# Hilfe, meine RearBoxen funktionieren nicht!



## nEutRa (17. November 2004)

Hi Community!
Meine zwei Rear-Boxen funktionieren nicht (für die, die nicht wissen, was das ist: Die linke und die rechte hintere Box eines (5.1) Soundsystems)!

Ich habe mir heute das 5.1 Soundsystem von Medion (gibts grad bei Aldi) *ja - lacht mich nur aus* gekauft, und in meine Soundkarte richtig eingesteckt, aber die 2 hinteren Boxen funktionieren nicht! Ich habe Onboardsound von meinem Asus P4P800-E Deluxe. Die Treiber sind die dem Mainboard beiliegenden, da ich kein Download von neueren Versionen gefunden hab  (Das fänd ich auch nett, wenn mir da jemand nen Link sagen könnte )
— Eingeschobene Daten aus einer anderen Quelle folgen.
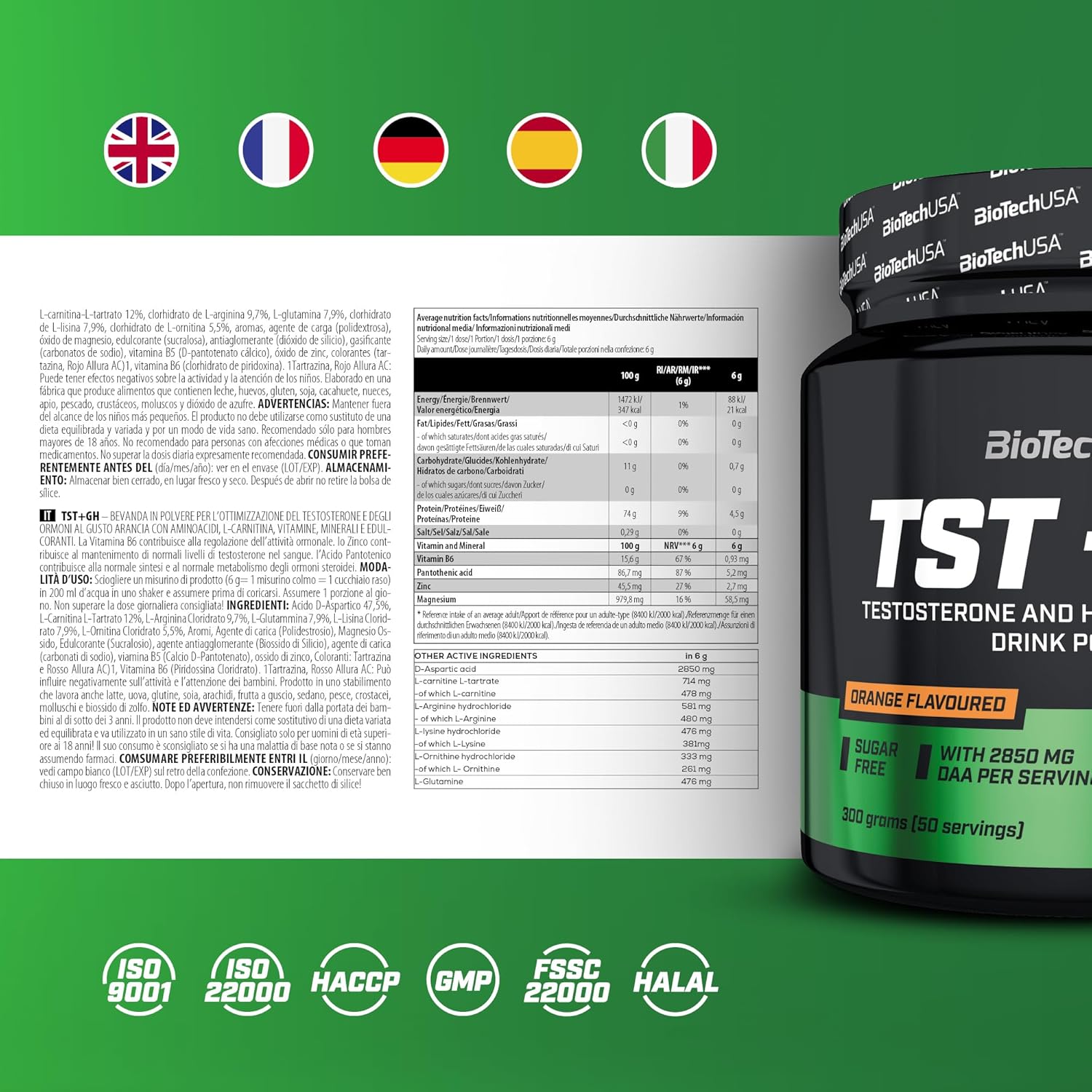 Biotechusa Tst + Gh | Testosterone & Hormone Boosting Drink Powder | 2,850Mg Daa | Amino Acids, Vitamins, Minerals | Sugar-, Lactose- And Gluten-Free | 300G | Orange
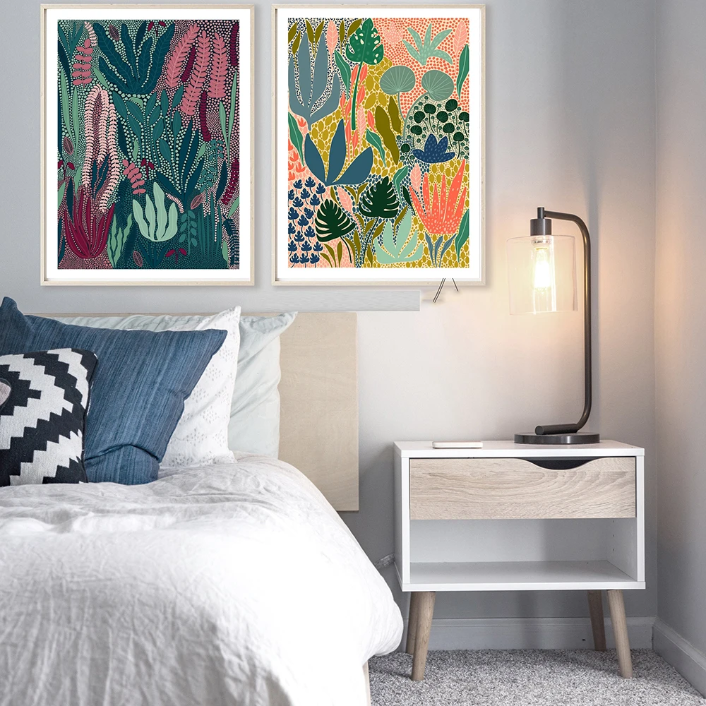 Модный Ночной сад с растительными принтами Бохо плакат Ботанический Зеленый Холст Картина тропическая стена Художественная Картина декор для гостиной
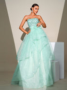 Desfrute da elegância atemporal do nosso Vestido de Festa Sem Alças com Camadas em Tule e Amarração nas Costas. Com sua silhueta de princesa e delicado design em tule com camadas, este vestido fará você se sentir uma verdadeira realeza. O detalhe de amarração nas costas adiciona um toque de sensualidade, tornando-o a escolha perfeita para qualquer ocasião especial.
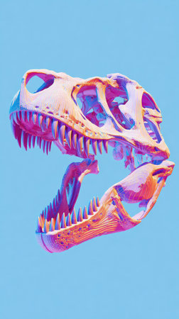 A vibrant illustration of a dinosaur skull against a bright blue backdrop, showcasing the skeletal structure with vivid colors.
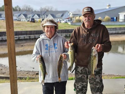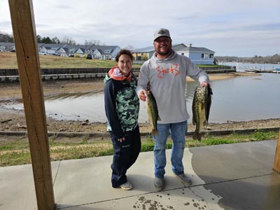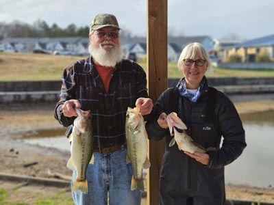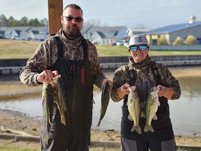 Tom and Missy Bancroft secured third place with 12.64 pounds, featuring Tom’s Big Bass weighing in at 4.15 pounds. Earning 198 points and $235. During practice they located 67-degree water up the Reedy River producing nice fish on spinner baits and traps in the flat. With the drop in temperature due to overnight rain, the bite slowed down. They changed to shakey heads rigged with scuppernong green worms and caught all of their fish off dock posts in less than 2-foot depth.
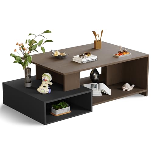 ROYGBIV Table Basse Bois, Table Basse Industrielle Bois Noir
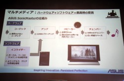 同社は、国内では主にネットブック「Eee PC」で知られているが、今回、高音質モデルをラインナップに加え、また今年1月のCESで発表されたデザインコンシャスモデルを投入するなど、高性能なモデルを積極的に訴求。プロダクトラインを強化し、ブランドポジションを高めていく考えだ。

Ich hoffe mal, das ihr mir helfen könnt 


ÄNDERUNG:


AHH! Meine mittlere Box geht auch nicht!





2te und letze Änderung:

Es geht! Und zwar war da noch ein Asus Programm, das hat auf 2Channel und nicht auf 6 Channel gestellt!

greetz


----------



## Rollo (22. November 2004)

Das selbe Problem hatte ich auch mal...
Es muss bei der Einstellung deiner Soundkarte irgendwo eine Einstellung 5.1 geben. Jetzt hast du gerade Stereosound...Zuerst musst du bei der Systemeinstellung und dann unter Multimedia für deine Soundkarte 5.1 einstellen. Wenn es dann immernoch nicht funktioniert schaust du mal bei der Lautestärke Einstellung für die jeweiligen Boxen. Auf jeden Fall muss es da irgendwo sein...war bei mir zumindestens so.


----------